Optimal Clifford Initial States for Ising Hamiltonians
Bikrant Bhattacharyya, Gokul Subramanian Ravi
TL;DR
This work extends CAFQA-style classical bootstrapping to Transverse Field Ising Hamiltonians by reframing the Clifford-state ground-state search as a polynomial-time submodular minimization over vertex subsets: minimize $f(V)=-|E(V)|-g|V_G\setminus V|$ to obtain a Clifford initialization $|\varphi_0\rangle$ with energy $\langle\varphi_0|H|\varphi_0\rangle = -|E(V)|-g|V_G\setminus V|$. The construction leverages stabilizer theory to relate Clifford states to graph-theoretic structures, enabling an explicit Clifford state via $|\varphi\rangle = \prod_{q_j\notin V} R_Y\left(\frac{\pi}{2}\right)_j|0\rangle$. Numerical experiments across linear, fully connected, and random graphs show relative errors typically between 0% and 25%, with distinct regimes as $g\to0$ or $g\to\infty$ and transition behaviors captured by the edge function $\mathcal{E}(n)$. The framework generalizes to weighted Ising and certain Heisenberg models, highlighting a path toward efficient, principled VQE initializations on NISQ devices.

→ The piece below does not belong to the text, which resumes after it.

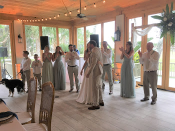 The pre-wedding cocktail party was at a huge house where many of Matt's fiancee's family was staying. They vacation on St Augustine every year, a place they all love, which was why Katie (the bride) chose this location for her wedding. Matt is Greg's son. Greg is Joe's partner in crime (seen in photo) and good buddy and travel (adventure) partner. They had snorkeled with Matt and Katie in the Keys in July.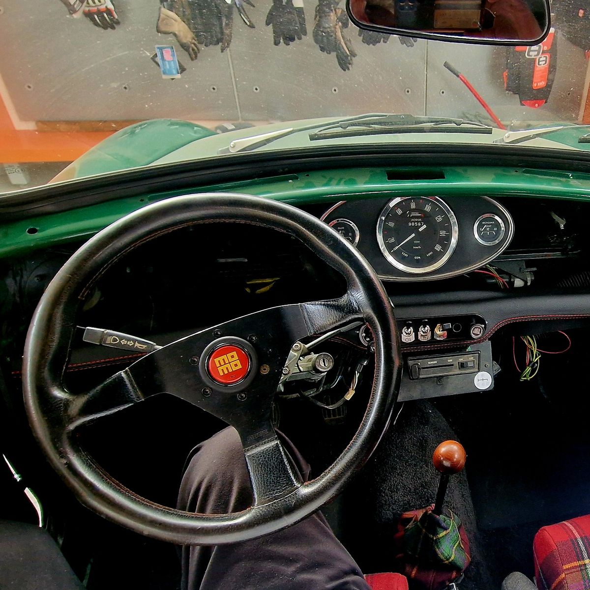 Innocenti Mini Cooper 1300 Export 02/74: Wartet auf Lack (Prugna/Bianco Avorio). Motor und Achsen müssen noch...

Overall, the paper provides a rigorous, scalable method to obtain high-quality Clifford initial states that can bootstrap quantum simulations for Ising-type problems.
Abstract
Evaluating quantum circuits is currently very noisy. Therefore, developing classical bootstraps that help minimize the number of times quantum circuits have to be executed on noisy quantum devices is a powerful technique for improving the practicality of Variational Quantum Algorithms. CAFQA is a previously proposed classical bootstrap for VQAs that uses an initial ansatz that reduces to Clifford operators. CAFQA has been shown to produce fairly accurate initialization for VQA applied to molecular chemistry Hamiltonians. Motivated by this result, in this paper we seek to analyze the Clifford states that optimize the cost function for a new type of Hamiltonian, namely Transverse Field Ising Hamiltonians. Our primary result connects the problem of finding the optimal CAFQA initialization to a submodular minimization problem which in turn can be solved in polynomial time.